I don't buy it though, or perhaps just not the car analogy.

Quote:
To put it in a context that I can relate to being someone involved in motorsport of the 4 wheeled variety...

You can have two cars with identical performance numbers across the board, top speed, braking, acceleration, lateral Gs, etc... Yet one will have to be bullied into doing it and the other will behave as if connected directly to your brain.
If two cars have identical accelerations then they'll hit the same speed at the same time. Period. If the driver of one feels like he has to "bully" the car into doing it then that's his problem. Just a problem with his perception - because we already know the car is doing it just as well as the other car. If it didn't, then the accelerations would not be identical.

As far as this can relate to aircraft, well, I'm not sure what ElAurens is advocating exactly, but it does raise the issue of how to simulate what basically boils down to a pilot's opinion.

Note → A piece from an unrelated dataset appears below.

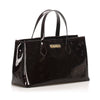 The Louis Vuitton Vernis Wilshire PM Purple features a vernis leather body, flat handles, a top lobster claw closure, and an interior zip pocket.

Being an engineer, my belief is that the nebulous qualities that we call "handling" or "feel" will show up when we consider things such as the aircraft's stability. For example the Spitfire was widely considered to be a forgiving aircraft but (test) pilots complained that the early versions "did not have enough elevator authority" and that it was difficult to control the aircraft, pitch-wise. When the issue was investigated it was found that the aircraft had a very narrow longitudinal stability margin.

I struggle to imagine a concept that can't be quantified, or related to some measurable quantity in some way.